Cajeta can be eaten spread on pan fresco or on tostadas for breakfast or used as a filling for panqueques or churros. I also used it to make the most delicious filling for a chocolate cake. If you have a sweet tooth, you might even find yourself eating it straight out the jar!

Homemade cajeta makes a great homemade Christmas gift for friends, Spanish teachers and host families.  Once you’ve made a batch, just fill a small jar, add a ribbon and ya está.

 

Ingredients:

1 400gm can leche condensada (condensed milk).

A little sea salt

 

Equipment:

Aluminium foil

2 baking dishes

Whisk

Oven

2 small empty glass jars or one large

One batch makes approximately one small jar of cajeta.

 

Directions:

  1. Start by preheating the oven to 220° C.
  2. Pour the leche condensada into a shallow baking dish, sprinkle in a few flecks of sea salt and give it a stir.
  3. Place the dish in a deeper baking tray.
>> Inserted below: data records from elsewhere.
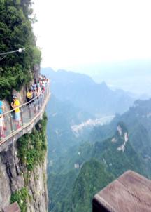 7日早上,我們來(lái)到了此行第一站——天門(mén)山。天門(mén)山海拔1500多米,因自然奇觀天門(mén)洞而蜚聲世界,被譽(yù)為“湘西第一神山”和“武陵之魂”。我們乘著觀光大巴沿著逶迤曲折的公路盤(pán)旋而上,只見(jiàn)壁立千仞,懸崖萬(wàn)丈,每逢轉(zhuǎn)彎,車內(nèi)一片驚呼,盡顯刺激與緊張。下車后,我們繼續(xù)前行,當(dāng)大家爬過(guò)999層階梯最終到達(dá)巨大的天門(mén)洞前時(shí),不禁感嘆大自然的鬼斧神工,神秘玄奇。往下眺望,林木蒼翠,山腳下的湖波像綠寶石一樣鑲嵌其中,美不勝收。清風(fēng)徐來(lái),令人神清氣爽,視野開(kāi)闊,豪氣頓生。天門(mén)山上的玻璃棧道,依峭壁凌空而建,讓人望而生畏,行而卻步。大家都小心翼翼,體驗(yàn)雙腳處于萬(wàn)丈深谷之上的驚險(xiǎn)。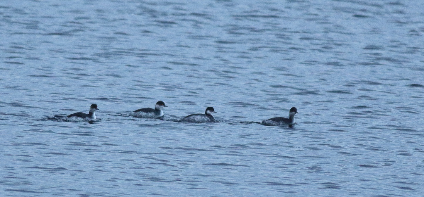 Pennymead Lake: 5 drake Goosander late afternoon (G Lewis).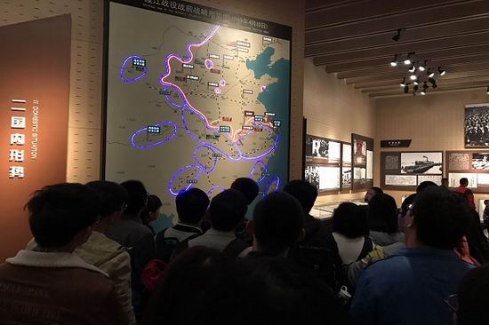 在渡江战役纪念馆,伴随着生动详尽的解说,全体党员先后参观了纪念馆内现存国内最大的室内艺术群雕“胜利之师”、反映惊心动魄的渡江场景的半景画馆、一千余件珍贵的革命文物等。渡江战役纪念馆以实物、图片、文字和声、光、电等现代化手段,生动展现了百万雄师过大江的壮阔画卷。缅怀革命前辈的丰功伟绩的同时,学生党员们更加深入地了解我党我军光荣历史,陶冶了道德情操,加强了党性修养。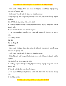 Giải thích: Quy trình chi t ế cành g m ồ 6 bư c: ớ + Bư c 1: ớ Ch n ọ cành + Bư c 2: ớ Khoanh vòng + Bư c 3: ớ Bóc v và c ỏ o ạ s ch ạ tư ng t ợ ng ầ + Bư c 4: ớ Bôi ch t ấ kích thích ra rễ + Bư c 5: ớ Bao quanh v t ế c t ắ b ng gi ằ á thể + Bư c 6: ớ B c ọ kí b ng nyl ằ on Câu 8. Th nào l ế à phư ng ơ pháp giâm cành? A. Sử d ng ụ đo n ạ cành ho c ặ các b ộ ph n ậ khác t ừ cây m ẹ đ t ặ trong ch t ấ n n ề để t o ạ cây m i ớ . B. T o cây ạ m i ớ t cành v ừ n còn t ẫ rên cây mẹ C. T o ạ cây m i ớ b ng ằ cách g n ắ đo n ạ cành, m t ắ ghép, ch i ồ c a ủ cây mẹ lên cây khác. D. C 3 đáp án ả trên Trả l i ờ Đáp án đúng: A Giải thích: M i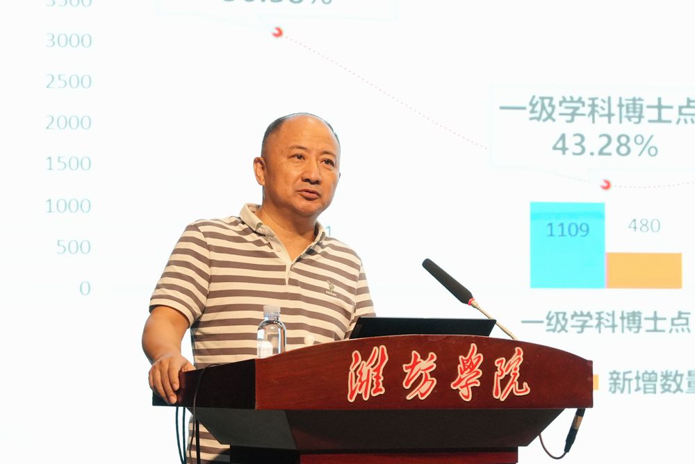 來逢波以《追風趕月莫停留 平蕪盡處是春山》為題作報告。報告從8個維度深入剖析當前高等教育面臨的新形勢新要求,對下半年工作進行了展望與部署。在總結暑期工作進展情況時,來逢波充分肯定了學生公寓更新改造、新校區建設、學科建設、常規工作等推進情況,并針對學科專業建設、人才發展成效、教育教學質量、科技創新與社會服務、國際交流與合作、辦學資源等關鍵指標進度進行同比分析。

Cover the dish containing the condensed milk with aluminium foil.
  4. Next, pour boiling water into the larger pan until the water reaches about halfway up the side of the smaller dish.
  5. Carefully place in the preheated oven and bake for around 70-80 minutes until the condensed milk has thickened and turned golden brown in color. Check about half way through to make sure there’s enough water and add more if needed
  6. Once ready, take out of the oven and let the mixture cool then whisk for a couple of minutes until smooth.
  7. To store, spoon the cajeta into a jar or airtight container and store in the fridge.

 

Book your cookery class with Asociación de Mujeres del Altiplano (AMA) where Women Circle members offer traditional Mayan techniques: www.amaguate.org

My new Latin American food blog can be found at:

www.lasalsainglesa.com.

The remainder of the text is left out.